Wednesday, September 29, 2004

Bitchens

So did anyone else notice that Christopher Hitchens ("Flirting With Disaster", September 27) read a bit much into this Teresa Heinz Kerry quote?

"I wouldn't be surprised if he appeared in the next month." Teresa Heinz Kerry to the Phoenix Business Journal, referring to a possible capture of Osama bin Laden before Election Day.
When I read that, my thought process is simply that the caption ought to say, "Teresa Heinz Kerry, on why she will never, ever be nominated to run for public office."

Hitchens goes on to say that he's talked to numerous other liberals who are secretly hoping that disaster strikes in order to embarrass the president. But there's a reason no politician goes on the record saying such things: it's the sort of off-handed hyperbole that plenty of partisans regularly grumble about behind the scenes. I am certain that there have been some Republicans out there making flippant comments like, "If al Qaeda hits us again, we've got four more years." It's not that the really hope for the deaths of more Americans, it's that they're really, really invested in being correct.

I don't know the context (though neither, clearly, does Hitchens), but Heinz Kerry's quote seems to me to reflect more on her low regard for the Bush administration than anything else. I'll excuse her, as she's not a politician, for being careless in her verbiage. At the same time, she didn't say that she suspected it was the case.

As I enter her words into Google, it's interesting where it primarily pops up: The Washington Times, RightNation.us, The New York Post… could it be that Hitchens is jumping on the conservative bandwagon in pushing this insipid quote into the daylight?

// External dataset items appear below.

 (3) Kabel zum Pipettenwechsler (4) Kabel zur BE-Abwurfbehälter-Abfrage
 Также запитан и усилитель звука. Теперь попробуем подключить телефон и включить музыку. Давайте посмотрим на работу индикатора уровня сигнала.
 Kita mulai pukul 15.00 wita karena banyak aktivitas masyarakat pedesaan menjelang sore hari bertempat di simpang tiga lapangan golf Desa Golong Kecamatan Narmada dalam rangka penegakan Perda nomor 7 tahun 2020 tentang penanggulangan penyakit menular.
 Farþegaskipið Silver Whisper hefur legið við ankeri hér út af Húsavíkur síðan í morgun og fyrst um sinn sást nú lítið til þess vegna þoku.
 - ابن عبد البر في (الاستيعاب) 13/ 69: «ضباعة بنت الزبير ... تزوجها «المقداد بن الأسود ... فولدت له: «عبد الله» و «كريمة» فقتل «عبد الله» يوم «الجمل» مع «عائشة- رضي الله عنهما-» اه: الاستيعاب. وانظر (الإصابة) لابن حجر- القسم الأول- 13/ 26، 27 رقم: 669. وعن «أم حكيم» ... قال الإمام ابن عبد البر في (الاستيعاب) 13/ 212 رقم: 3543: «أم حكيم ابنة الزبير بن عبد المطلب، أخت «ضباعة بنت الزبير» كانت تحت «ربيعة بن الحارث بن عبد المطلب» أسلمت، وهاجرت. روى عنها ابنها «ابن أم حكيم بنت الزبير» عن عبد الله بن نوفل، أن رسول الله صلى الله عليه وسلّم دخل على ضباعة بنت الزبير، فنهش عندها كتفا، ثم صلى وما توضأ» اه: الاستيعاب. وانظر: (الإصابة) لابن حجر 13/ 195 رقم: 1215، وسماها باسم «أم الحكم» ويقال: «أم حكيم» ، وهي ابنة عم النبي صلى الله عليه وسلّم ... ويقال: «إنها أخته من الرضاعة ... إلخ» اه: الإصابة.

I happen to know that this is not an instance of loose lips. She has heard that very remark being made by senior Democrats, and—which is worse—she has not heard anyone in her circle respond to it by saying, "Don't be so bloody stupid."… Since then, I've heard it said seriously or semiseriously, by responsible and liberal people who ought to know better, all over the place.
It says so much for his reputation that a man I just saw on television the other day defending the Swift Boat Veterans for Truth allegations (a la Bob Dole) is criticizing Michael Moore-esque reactionaries and unnamed Democratic Party leaders desperate to win power for muttering indefensible allegations behind the scenes. (Aside: I agree, and have said in the past, that Kerry deserves some slack for making those aspects of his record a focus of his campaign. I disagree that his "asking for it" demands more responsibility than those who appear to be slandering him, but some responsibility does lie with Kerry for asking voters to focus on image over substance.)